ASU 2019-12, “Income Taxes (Topic 740) - Simplifying the Accounting for Income Taxes.” ASU 2019-12 provides guidance to simplify the accounting for income taxes by eliminating certain exceptions to the guidance in ASC 740 related to the approach for intraperiod tax allocation, the methodology for calculating income taxes in an interim period and the recognition for deferred tax liabilities for outside basis differences. ASU 2019-12 also simplifies aspects of the accounting for franchise taxes and enacted changes in tax laws or rates and clarifies the accounting for transactions that result in a step-up in the tax basis of goodwill. ASU 2019-12 will be effective for us on January 1, 2021, and is not expected to have a significant impact on our financial statements.
ASU 2020-04, “Reference Rate Reform (Topic 848): Facilitation of the Effects of Reference Rate Reform on Financial Reporting.” ASU 2020-04 provides optional expedients and exceptions for accounting related to contracts, hedging relationships and other transactions affected by reference rate reform if certain criteria are met. ASU 2020-04 applies only to contracts, hedging relationships, and other transactions that reference LIBOR or another reference rate expected to be discontinued because of reference rate reform and do not apply to contract modifications made and hedging relationships entered into or evaluated after December 31, 2022, except for hedging relationships existing as of December 31, 2022, that an entity has elected certain optional expedients for and that are retained through the end of the hedging relationship.
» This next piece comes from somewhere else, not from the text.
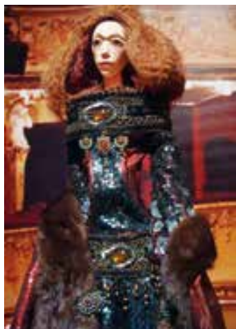
Bánk Bán, Gertrudisz báb

ASU 2020-04 was effective upon issuance and generally can be applied through December 31, 2022.
ASU 2020-08, “Codification Improvements to Subtopic 310-20, Receivables - Nonrefundable Fees and Other Costs.” ASU 2020-08 clarifies the accounting for the amortization of purchase premiums for callable debt securities with multiple call dates. ASU 2020-8 will be effective for us on January 1, 2021 and is not expected to have a significant impact on our financial statements.
ASU 2020-09, “Debt (Topic 470): Amendments to SEC Paragraphs Pursuant to SEC Release No. 33-10762.” ASU 2020-9 amends the ASC to reflect the issuance of an SEC rule related to financial disclosure requirements for subsidiary issuers and guarantors of registered debt securities and affiliates whose securities are pledged as collateral for registered securities. ASU 2020-09 will be effective for us on January 4, 2021, concurrent with the effective date of the SEC release, and is not expected to have a significant impact on our financial statements.
ASU 2021-01, “Reference Rate Reform (Topic 848): Scope.” ASU 2021-01 clarifies that certain optional expedients and exceptions in ASC 848 for contract modifications and hedge accounting apply to derivatives that are affected by the discounting transition. ASU 2021-01 also amends the expedients and exceptions in ASC 848 to capture the incremental consequences of the scope clarification and to tailor the existing guidance to derivative instruments affected by the discounting transition. ASU 2021-01 was effective upon issuance and generally can be applied through December 31, 2022.
See Note 1. “Basis of Financial Statement Presentation and Summary of Significant Accounting Policies” for a discussion of the adoption of new accounting standards that affected the consolidated financial statements contained in this report.